■ **Problem details**: Every line from the one containing "Bårebuket i smukke" through the end of the data is to be copied exactly, and nothing outside that range.

--------------------------------------------------

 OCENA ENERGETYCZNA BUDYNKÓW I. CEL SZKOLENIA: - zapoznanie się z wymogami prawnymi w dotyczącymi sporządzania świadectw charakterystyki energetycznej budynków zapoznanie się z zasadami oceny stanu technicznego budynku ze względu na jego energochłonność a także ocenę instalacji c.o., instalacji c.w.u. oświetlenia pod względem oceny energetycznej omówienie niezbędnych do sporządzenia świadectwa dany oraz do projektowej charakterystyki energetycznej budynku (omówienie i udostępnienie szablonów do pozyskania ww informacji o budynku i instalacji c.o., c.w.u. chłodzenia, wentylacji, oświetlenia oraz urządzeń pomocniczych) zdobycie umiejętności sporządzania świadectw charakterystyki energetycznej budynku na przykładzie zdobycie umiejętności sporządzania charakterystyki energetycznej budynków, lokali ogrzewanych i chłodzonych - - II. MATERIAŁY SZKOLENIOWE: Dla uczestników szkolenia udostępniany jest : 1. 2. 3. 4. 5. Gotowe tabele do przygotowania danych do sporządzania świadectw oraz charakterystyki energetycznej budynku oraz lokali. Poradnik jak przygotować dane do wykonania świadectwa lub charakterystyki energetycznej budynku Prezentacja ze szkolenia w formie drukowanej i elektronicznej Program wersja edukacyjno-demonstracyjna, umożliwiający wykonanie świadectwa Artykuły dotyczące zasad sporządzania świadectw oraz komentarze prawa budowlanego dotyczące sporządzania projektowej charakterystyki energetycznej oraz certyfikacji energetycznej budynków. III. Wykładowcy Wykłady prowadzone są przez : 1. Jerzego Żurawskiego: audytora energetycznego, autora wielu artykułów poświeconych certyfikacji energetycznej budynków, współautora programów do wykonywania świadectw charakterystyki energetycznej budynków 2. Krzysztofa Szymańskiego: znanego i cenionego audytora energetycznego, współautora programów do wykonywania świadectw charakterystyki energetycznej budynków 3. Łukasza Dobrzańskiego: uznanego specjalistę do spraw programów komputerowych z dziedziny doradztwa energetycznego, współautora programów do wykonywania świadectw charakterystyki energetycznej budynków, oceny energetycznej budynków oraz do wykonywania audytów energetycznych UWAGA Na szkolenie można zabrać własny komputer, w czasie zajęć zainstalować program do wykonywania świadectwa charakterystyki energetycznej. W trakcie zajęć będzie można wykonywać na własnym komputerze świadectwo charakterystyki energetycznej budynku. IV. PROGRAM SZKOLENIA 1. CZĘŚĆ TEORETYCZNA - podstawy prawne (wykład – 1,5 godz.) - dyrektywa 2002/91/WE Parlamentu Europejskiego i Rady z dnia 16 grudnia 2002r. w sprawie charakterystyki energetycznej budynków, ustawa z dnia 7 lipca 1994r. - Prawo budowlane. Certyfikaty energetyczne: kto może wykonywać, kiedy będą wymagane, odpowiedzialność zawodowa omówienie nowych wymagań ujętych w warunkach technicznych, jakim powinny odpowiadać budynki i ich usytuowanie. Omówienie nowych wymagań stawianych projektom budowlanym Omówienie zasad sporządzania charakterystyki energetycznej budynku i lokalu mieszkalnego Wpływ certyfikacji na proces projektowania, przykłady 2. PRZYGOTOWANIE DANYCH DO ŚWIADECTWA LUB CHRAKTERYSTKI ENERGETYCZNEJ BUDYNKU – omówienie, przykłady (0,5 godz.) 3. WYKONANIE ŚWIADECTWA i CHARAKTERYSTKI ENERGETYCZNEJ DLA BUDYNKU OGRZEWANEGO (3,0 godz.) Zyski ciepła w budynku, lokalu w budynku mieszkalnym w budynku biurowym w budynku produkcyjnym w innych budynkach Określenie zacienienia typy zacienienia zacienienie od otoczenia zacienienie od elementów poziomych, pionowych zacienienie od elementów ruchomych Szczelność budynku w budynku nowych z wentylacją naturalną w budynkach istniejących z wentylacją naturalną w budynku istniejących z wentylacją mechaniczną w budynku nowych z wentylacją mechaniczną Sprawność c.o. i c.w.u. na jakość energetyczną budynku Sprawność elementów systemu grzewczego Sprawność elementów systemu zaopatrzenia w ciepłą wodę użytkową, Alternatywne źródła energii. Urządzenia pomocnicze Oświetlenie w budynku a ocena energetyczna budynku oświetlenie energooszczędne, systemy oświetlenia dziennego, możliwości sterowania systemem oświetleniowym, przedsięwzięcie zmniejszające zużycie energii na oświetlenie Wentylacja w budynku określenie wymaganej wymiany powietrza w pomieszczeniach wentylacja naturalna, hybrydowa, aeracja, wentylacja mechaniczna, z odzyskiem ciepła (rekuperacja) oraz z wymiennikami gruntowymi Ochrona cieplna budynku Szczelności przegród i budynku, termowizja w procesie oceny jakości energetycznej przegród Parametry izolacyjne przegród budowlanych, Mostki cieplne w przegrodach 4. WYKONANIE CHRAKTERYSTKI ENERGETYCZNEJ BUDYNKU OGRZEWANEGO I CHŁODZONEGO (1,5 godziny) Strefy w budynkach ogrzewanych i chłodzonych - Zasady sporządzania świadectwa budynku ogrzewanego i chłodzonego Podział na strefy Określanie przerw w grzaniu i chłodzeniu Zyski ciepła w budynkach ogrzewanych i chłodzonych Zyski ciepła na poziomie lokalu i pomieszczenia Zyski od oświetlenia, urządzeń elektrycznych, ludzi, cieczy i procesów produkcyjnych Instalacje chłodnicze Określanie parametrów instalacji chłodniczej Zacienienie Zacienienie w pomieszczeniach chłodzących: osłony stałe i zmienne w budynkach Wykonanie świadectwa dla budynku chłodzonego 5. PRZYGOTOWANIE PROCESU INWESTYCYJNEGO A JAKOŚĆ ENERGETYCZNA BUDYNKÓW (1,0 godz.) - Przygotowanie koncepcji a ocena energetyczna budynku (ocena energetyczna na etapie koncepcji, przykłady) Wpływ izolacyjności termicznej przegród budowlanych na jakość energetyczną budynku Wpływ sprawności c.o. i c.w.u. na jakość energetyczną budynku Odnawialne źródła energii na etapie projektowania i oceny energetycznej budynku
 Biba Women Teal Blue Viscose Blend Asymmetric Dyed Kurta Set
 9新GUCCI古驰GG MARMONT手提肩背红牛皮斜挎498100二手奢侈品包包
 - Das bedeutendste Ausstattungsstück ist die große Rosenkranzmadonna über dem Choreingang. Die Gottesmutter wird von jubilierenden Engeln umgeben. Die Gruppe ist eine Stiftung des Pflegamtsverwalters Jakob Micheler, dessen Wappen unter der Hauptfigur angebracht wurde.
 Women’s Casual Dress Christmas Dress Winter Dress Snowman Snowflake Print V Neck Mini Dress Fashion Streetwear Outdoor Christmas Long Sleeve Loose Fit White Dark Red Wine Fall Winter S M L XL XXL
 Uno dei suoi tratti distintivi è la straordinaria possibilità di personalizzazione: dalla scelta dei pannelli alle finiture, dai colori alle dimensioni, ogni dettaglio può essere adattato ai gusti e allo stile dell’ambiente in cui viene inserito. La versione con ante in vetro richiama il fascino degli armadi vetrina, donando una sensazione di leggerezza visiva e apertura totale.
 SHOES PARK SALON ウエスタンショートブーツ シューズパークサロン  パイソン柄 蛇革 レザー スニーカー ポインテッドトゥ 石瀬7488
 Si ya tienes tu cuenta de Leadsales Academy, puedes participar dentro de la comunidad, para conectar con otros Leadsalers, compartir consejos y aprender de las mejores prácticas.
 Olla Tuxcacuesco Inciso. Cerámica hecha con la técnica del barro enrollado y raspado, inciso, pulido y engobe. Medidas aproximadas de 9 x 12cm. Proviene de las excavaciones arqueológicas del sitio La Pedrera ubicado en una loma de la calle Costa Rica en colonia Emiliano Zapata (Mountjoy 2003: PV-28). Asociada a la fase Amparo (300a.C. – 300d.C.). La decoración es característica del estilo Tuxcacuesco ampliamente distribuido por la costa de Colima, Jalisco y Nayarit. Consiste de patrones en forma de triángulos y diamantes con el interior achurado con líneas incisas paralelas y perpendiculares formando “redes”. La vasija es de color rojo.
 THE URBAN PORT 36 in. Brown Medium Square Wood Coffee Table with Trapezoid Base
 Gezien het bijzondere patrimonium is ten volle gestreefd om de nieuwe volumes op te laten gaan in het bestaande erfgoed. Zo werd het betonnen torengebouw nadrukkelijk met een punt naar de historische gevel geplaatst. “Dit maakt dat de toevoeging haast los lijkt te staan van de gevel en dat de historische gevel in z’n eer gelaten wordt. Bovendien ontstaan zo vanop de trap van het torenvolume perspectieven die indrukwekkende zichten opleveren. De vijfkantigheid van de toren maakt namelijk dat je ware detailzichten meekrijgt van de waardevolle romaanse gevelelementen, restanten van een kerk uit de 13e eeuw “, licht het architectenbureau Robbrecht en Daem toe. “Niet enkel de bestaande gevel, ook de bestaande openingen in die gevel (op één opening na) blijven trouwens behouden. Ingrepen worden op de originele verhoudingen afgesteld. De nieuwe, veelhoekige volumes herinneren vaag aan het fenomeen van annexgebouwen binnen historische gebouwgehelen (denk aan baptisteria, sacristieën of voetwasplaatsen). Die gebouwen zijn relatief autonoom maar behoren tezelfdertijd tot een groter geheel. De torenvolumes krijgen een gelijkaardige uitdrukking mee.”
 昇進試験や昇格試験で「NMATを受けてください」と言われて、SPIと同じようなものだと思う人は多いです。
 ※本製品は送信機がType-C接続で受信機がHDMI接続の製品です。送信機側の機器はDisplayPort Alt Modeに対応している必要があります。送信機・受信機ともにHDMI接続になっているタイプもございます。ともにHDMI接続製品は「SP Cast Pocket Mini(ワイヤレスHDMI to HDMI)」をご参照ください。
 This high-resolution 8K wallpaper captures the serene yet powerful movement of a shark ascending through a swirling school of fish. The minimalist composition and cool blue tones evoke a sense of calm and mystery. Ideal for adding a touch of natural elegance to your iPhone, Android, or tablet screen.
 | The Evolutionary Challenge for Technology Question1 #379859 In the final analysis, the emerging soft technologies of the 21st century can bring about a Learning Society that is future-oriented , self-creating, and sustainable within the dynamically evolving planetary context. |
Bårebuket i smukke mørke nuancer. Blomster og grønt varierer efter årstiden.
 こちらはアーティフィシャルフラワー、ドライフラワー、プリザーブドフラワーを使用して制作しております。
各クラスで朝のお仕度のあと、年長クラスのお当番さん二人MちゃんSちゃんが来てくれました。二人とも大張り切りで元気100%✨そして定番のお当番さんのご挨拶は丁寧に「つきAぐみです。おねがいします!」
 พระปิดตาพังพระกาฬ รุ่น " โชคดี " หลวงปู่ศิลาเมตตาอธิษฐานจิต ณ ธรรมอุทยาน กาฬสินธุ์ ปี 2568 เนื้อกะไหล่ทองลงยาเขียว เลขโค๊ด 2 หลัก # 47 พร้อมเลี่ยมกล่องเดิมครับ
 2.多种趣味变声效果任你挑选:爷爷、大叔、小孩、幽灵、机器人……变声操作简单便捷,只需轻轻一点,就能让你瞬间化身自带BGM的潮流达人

--------------------------------------------------

■ **Exercise result**:
Bårebuket i smukke mørke nuancer. Blomster og grønt varierer efter årstiden.
 こちらはアーティフィシャルフラワー、ドライフラワー、プリザーブドフラワーを使用して制作しております。
各クラスで朝のお仕度のあと、年長クラスのお当番さん二人MちゃんSちゃんが来てくれました。二人とも大張り切りで元気100%✨そして定番のお当番さんのご挨拶は丁寧に「つきAぐみです。おねがいします!」
 พระปิดตาพังพระกาฬ รุ่น " โชคดี " หลวงปู่ศิลาเมตตาอธิษฐานจิต ณ ธรรมอุทยาน กาฬสินธุ์ ปี 2568 เนื้อกะไหล่ทองลงยาเขียว เลขโค๊ด 2 หลัก # 47 พร้อมเลี่ยมกล่องเดิมครับ
 2.多种趣味变声效果任你挑选:爷爷、大叔、小孩、幽灵、机器人……变声操作简单便捷,只需轻轻一点,就能让你瞬间化身自带BGM的潮流达人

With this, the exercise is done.